3. **Output** \( \hat{a}_i = t_{m-1-i} \), for \( i = 0, \cdots, m-1 \).

   Note that the updates in Equations (1)-(3) in Algorithm I are different from those in Equations (1) and (2) in [6]. In particular, the updates of \( u^{(j)}_i, v^{(j)}_i, s^{(j)}_i, \) and \( t^{(j)}_i \) in Equations (1) and (2) of [6] depend on \( \text{eight values: } u^{(j-1)}_i, v^{(j-1)}_i, s^{(j-1)}_i, \) and \( t^{(j-1)}_i \), whereas the updates of \( u^{(j)}_i, v^{(j)}_i, s^{(j)}_i, \) and \( t^{(j)}_i \) in Equations (1)-(3) above depend on only four values: \( u^{(j-1)}_i, v^{(j-1)}_i, s^{(j-1)}_i, \) and \( t^{(j-1)}_i \).
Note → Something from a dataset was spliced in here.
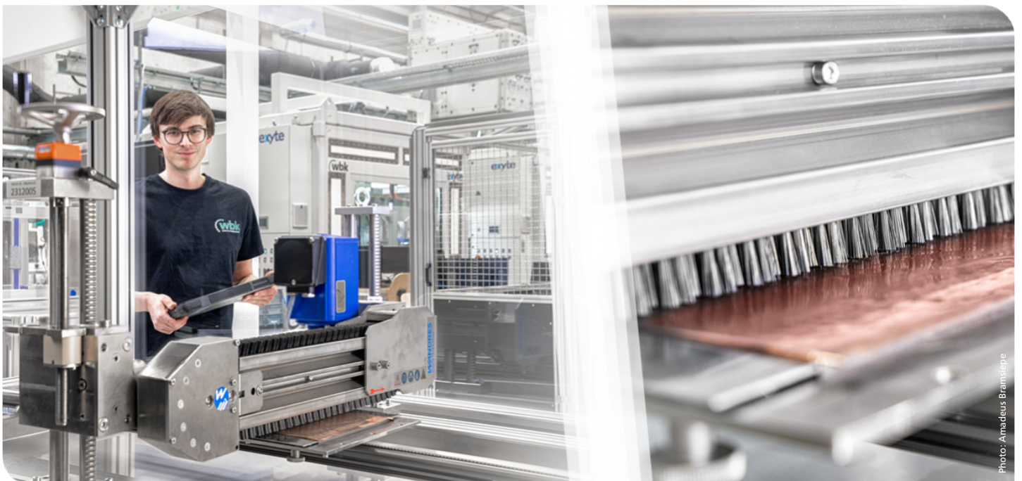
Experimental setup for the direct recycling of battery electrodes through utilization of a sword brush.

The technological concept, namely a process chain for the direct recycling of active materials (LFP and graphite), was developed as part of the DiRecFM research project (FKZ: WM34-42-57/28). This project aims to fundamentally improve the battery ecosystem. Coated and dried electrode foils form the starting point of the process chain and are delaminated in a first step. The active material is then prepared for return to production by dispersing and centrifuging.

This difference leads to fewer inter-cell connections and latches in the implementation based on Algorithm I. On the other hand, the control signals and the computation of \( \epsilon \) and the control signals in Algorithm I are exactly the same as those in the modified Euclidean algorithm in [6]. Thus, the circuitry of control mechanisms in the new systolic architectures is the same as that in the YS architectures.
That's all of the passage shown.